Data records>
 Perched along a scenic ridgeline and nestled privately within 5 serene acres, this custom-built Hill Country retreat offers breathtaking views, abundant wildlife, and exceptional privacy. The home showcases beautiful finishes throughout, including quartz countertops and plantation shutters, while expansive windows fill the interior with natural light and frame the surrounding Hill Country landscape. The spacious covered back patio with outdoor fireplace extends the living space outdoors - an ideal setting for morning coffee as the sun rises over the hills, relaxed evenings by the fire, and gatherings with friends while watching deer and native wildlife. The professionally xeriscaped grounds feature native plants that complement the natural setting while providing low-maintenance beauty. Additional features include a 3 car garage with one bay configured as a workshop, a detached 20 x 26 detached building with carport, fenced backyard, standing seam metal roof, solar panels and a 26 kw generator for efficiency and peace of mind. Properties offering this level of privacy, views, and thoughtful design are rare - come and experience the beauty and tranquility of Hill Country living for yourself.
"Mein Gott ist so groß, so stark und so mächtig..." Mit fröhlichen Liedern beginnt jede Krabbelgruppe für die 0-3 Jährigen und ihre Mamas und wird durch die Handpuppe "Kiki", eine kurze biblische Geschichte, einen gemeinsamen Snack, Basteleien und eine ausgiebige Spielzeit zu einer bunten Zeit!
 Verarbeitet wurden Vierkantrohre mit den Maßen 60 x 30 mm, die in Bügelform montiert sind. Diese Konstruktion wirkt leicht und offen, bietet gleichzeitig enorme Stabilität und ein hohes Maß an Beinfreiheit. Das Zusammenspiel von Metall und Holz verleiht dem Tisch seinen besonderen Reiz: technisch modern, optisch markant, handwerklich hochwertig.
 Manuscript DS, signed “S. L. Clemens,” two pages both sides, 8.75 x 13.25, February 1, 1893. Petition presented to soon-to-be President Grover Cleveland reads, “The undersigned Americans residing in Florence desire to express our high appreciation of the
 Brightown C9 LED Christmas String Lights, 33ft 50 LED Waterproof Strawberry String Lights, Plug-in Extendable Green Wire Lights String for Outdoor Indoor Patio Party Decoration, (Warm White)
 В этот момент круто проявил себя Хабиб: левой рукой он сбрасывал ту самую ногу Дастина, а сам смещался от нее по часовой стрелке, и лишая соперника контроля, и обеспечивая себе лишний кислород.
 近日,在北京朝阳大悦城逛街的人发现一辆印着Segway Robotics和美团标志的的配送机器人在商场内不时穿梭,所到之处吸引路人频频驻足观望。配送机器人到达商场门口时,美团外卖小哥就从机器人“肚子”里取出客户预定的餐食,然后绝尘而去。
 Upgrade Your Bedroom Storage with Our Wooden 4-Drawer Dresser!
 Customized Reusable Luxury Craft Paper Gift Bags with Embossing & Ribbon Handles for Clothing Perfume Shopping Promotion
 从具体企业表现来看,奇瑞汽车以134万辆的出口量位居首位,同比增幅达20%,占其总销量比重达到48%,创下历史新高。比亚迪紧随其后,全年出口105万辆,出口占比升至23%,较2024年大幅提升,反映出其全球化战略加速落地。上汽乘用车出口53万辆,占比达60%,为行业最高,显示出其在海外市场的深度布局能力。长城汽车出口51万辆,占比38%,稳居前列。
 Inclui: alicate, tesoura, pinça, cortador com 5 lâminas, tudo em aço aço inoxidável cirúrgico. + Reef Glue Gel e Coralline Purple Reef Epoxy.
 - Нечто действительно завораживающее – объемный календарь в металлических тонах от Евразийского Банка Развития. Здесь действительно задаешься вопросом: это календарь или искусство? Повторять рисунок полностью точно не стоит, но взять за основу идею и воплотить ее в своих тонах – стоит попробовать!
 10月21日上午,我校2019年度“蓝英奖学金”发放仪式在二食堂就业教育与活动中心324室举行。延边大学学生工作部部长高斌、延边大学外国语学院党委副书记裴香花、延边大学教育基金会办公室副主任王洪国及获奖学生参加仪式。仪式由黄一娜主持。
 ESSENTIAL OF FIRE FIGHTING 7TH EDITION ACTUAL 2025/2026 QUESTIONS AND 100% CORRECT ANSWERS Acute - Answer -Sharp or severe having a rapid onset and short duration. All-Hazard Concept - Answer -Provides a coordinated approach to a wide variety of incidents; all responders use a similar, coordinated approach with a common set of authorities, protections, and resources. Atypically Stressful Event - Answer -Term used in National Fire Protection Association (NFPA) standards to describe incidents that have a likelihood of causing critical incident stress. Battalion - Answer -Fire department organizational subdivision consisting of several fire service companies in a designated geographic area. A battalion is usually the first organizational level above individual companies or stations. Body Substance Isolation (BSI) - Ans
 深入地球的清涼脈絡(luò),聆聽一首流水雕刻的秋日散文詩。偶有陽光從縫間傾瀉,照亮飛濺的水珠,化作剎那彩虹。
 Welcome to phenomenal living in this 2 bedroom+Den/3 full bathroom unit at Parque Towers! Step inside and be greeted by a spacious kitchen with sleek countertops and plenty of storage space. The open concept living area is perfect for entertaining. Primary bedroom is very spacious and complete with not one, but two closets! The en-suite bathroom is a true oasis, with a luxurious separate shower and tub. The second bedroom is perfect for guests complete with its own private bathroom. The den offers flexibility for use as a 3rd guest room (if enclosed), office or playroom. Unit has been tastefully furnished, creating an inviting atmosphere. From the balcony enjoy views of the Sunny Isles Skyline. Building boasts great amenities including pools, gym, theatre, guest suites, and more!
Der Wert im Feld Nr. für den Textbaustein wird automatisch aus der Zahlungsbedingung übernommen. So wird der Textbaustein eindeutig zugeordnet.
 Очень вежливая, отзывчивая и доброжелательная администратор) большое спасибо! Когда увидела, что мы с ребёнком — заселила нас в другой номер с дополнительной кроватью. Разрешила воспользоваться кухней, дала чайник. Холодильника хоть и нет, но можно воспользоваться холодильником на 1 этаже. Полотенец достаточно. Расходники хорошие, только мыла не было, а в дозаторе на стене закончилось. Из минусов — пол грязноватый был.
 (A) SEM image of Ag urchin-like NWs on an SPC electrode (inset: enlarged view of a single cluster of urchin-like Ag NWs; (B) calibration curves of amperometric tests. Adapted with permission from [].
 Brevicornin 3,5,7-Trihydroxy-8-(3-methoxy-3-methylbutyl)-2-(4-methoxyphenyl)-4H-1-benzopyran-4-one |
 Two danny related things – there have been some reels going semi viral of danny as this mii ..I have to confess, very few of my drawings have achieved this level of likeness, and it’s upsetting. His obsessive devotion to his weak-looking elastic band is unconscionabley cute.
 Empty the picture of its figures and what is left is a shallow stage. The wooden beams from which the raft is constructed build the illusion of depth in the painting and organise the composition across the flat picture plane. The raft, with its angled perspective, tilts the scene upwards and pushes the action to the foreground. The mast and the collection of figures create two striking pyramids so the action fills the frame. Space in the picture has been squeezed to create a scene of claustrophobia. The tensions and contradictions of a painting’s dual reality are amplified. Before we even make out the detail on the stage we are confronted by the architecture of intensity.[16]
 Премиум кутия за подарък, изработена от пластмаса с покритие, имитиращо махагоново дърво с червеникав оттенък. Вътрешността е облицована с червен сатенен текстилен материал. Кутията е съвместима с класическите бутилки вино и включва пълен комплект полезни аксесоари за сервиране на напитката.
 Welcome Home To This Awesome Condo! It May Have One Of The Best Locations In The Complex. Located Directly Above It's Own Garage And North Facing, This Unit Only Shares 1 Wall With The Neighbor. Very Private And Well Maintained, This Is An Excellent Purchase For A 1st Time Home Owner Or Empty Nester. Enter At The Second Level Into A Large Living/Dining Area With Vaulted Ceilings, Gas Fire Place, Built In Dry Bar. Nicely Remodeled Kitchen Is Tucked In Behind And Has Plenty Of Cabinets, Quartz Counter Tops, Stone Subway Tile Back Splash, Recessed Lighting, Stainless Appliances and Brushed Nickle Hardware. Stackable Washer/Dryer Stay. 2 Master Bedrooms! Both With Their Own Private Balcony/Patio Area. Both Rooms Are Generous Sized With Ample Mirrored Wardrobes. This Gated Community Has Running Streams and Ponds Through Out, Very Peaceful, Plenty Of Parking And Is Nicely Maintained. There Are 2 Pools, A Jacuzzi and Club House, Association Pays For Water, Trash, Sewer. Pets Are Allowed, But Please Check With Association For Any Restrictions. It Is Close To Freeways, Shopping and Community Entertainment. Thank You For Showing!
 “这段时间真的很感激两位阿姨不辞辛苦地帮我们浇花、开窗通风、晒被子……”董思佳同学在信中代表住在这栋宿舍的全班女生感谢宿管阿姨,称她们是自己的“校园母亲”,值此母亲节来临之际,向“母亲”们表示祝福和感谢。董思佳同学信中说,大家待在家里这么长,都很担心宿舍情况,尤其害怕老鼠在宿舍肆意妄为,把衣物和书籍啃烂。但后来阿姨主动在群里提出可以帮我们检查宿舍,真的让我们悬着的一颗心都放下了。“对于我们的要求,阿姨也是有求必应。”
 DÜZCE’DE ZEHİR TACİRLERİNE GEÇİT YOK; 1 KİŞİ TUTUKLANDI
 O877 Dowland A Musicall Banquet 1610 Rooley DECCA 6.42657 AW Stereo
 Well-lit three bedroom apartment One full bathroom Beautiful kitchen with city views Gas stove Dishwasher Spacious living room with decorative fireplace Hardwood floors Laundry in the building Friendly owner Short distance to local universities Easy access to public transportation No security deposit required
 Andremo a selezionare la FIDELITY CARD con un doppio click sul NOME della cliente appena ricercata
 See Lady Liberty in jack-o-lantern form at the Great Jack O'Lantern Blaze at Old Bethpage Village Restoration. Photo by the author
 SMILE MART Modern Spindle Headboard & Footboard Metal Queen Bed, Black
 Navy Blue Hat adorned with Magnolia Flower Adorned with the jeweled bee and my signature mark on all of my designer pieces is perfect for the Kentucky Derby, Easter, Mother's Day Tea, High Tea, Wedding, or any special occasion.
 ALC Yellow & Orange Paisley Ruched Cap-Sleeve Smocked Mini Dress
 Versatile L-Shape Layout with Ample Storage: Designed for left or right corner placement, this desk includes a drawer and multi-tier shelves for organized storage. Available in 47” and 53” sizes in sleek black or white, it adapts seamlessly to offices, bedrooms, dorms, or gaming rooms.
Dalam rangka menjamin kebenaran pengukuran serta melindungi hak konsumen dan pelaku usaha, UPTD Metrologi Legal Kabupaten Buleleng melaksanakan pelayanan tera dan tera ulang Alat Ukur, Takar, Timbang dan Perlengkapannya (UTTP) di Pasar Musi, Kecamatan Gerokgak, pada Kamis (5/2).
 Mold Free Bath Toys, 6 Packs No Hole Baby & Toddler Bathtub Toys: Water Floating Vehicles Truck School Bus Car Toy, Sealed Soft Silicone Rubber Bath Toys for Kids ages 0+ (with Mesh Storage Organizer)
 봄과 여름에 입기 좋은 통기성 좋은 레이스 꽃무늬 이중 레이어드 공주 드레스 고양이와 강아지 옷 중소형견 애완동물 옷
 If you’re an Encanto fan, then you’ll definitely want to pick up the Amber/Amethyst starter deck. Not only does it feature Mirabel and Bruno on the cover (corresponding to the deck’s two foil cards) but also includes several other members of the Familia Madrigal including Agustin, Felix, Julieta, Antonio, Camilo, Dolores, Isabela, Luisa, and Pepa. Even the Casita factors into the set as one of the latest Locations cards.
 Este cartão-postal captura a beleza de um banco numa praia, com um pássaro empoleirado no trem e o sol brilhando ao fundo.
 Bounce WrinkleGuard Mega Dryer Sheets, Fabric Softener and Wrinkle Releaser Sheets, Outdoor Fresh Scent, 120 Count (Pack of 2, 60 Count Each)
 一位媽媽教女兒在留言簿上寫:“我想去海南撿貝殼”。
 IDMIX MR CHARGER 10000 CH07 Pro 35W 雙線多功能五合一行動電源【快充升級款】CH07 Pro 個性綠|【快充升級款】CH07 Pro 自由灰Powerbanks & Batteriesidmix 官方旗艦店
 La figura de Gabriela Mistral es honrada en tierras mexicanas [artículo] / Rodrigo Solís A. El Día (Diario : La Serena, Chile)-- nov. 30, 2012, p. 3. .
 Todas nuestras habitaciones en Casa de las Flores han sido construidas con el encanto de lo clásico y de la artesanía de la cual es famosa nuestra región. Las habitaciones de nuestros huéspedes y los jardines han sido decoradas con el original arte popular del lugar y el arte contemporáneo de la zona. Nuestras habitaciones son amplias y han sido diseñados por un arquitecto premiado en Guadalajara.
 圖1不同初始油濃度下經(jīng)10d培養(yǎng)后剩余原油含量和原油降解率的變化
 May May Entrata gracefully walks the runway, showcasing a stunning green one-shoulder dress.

Task prompt> Take the lines above from the one containing "Inclui: alicate, tesoura, pinça, cortador" down to the one containing "10月21日上午,我校201", and transcribe them exactly, both ends included.

Output of the exercise>
 Inclui: alicate, tesoura, pinça, cortador com 5 lâminas, tudo em aço aço inoxidável cirúrgico. + Reef Glue Gel e Coralline Purple Reef Epoxy.
 - Нечто действительно завораживающее – объемный календарь в металлических тонах от Евразийского Банка Развития. Здесь действительно задаешься вопросом: это календарь или искусство? Повторять рисунок полностью точно не стоит, но взять за основу идею и воплотить ее в своих тонах – стоит попробовать!
 10月21日上午,我校2019年度“蓝英奖学金”发放仪式在二食堂就业教育与活动中心324室举行。延边大学学生工作部部长高斌、延边大学外国语学院党委副书记裴香花、延边大学教育基金会办公室副主任王洪国及获奖学生参加仪式。仪式由黄一娜主持。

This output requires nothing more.